ISO basic Latin alphabet explained

The ISO basic Latin alphabet is an international standard (beginning with ISO/IEC 646) for a Latin-script alphabet that consists of two sets (uppercase and lowercase) of 26 letters, codified in various national and international standards and used widely in international communication. They are the same letters that comprise the current English alphabet. Since medieval times, they are also the same letters of the modern Latin alphabet. The order is also important for sorting words into alphabetical order.

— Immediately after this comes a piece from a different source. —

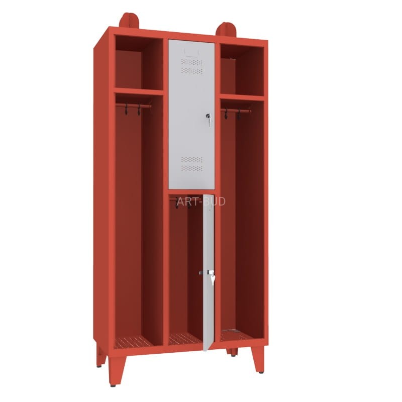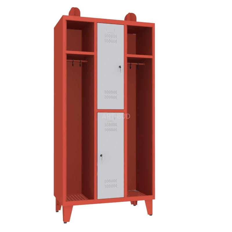 Najwyższej jakości metalowa szafa strażacka dla dwóch osób. Zawiera dwie wnęki odkryte do wieszania odzieży oraz dwie szafki zamykane na drobne akcesoria i rzeczy osobiste.

The two sets contain the following 26 letters each:^[1]

ISO basic Latin alphabet
Uppercase letter set	A	B	C	D	E	F	G	H	I	J	K	L	M	N	O	P	Q	R	S	T	U	V	W	X	Y	Z
Lowercase letter set	a	b	c	d	e	f	g	h	i	j	k	l	m	n	o	p	q	r	s	t	u	v	w	x	y	z

History

By the 1960s it became apparent to the computer and telecommunications industries in the First World that a non-proprietary method of encoding characters was needed. The International Organization for Standardization (ISO) encapsulated the Latin script in their (ISO/IEC 646) 7-bit character-encoding standard. To achieve widespread acceptance, this encapsulation was based on popular usage. The standard was based on the already published American Standard Code for Information Interchange, better known as ASCII, which included in the character set the 26 × 2 letters of the English alphabet. Later standards issued by the ISO, for example ISO/IEC 8859 (8-bit character encoding) and ISO/IEC 10646 (Unicode Latin), have continued to define the 26 × 2 letters of the English alphabet as the basic Latin script with extensions to handle other letters in other languages.^[1]

Terminology

See main article: Basic Latin (Unicode block).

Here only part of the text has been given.